** Opening RECORDED INFORMATION block **

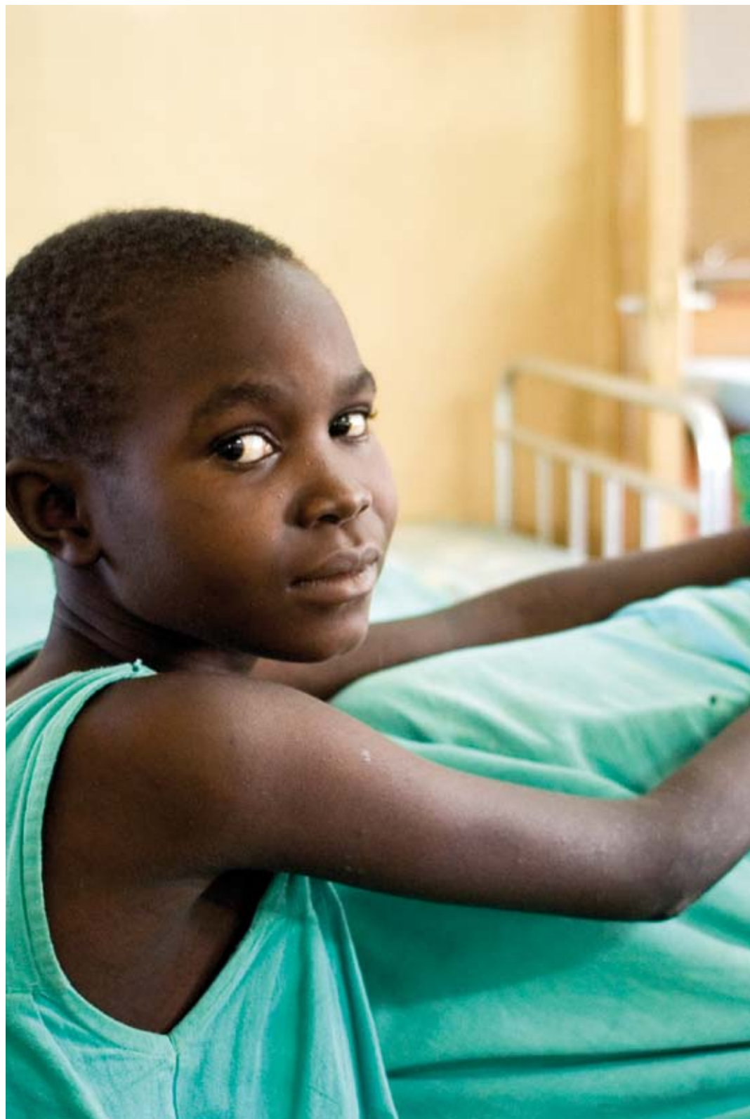
Helsehjelp til barn som har flyktet fra LRA fangenskap, Nord-Uganda
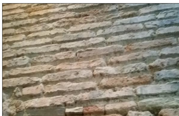
Fig. 2: Fábrica antigua con ladrillos del tejat dispuestos a soga
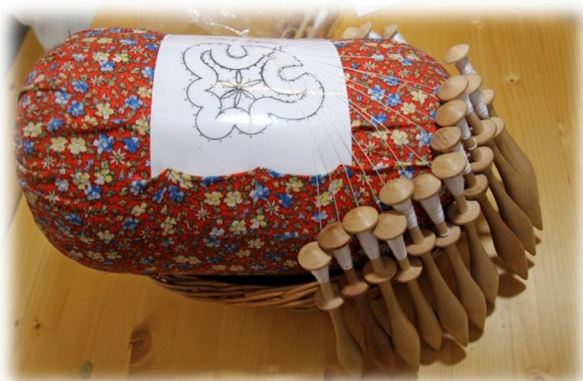
Slika 23: Bula in kleklji

Da so bile čipke že od nekdaj priljubljene, se vidi po tem, da so jih naše babice in prababice šivale na svoje narodne noše in bile zelo ponosne na ta okras. Dragocene čipke so večkrat krasile oltarje in kipe v cerkvah, ker so jih s tem hoteli še bolj počastiti. Po gradovih pa so plemiške žene in hčere izdelovale čipke za okras oblek, ovratnikov, manšet, pokrival za glavo, nogavic, čevljev, pajčolanov, pahljač in za okraske pri naslonjačih, kar še dandanes vidimo na slikah plemičev in drugih bogatinov. Pripomočki za klekljanje čipk so: blazina, kleklji, sukanec, nerjaveče bucike, kvačka in papirc, na katerem je bila s svinčnikom narisana čipka.

** Closing RECORDED INFORMATION block **

WHAT YOU WILL DO: Copy nothing but the lines from the first one in the listing through the line with "Slika 23: Bula in kleklji", and omit the pictures.

FINISHED TASK:
Helsehjelp til barn som har flyktet fra LRA fangenskap, Nord-Uganda
Fig. 2: Fábrica antigua con ladrillos del tejat dispuestos a soga
Slika 23: Bula in kleklji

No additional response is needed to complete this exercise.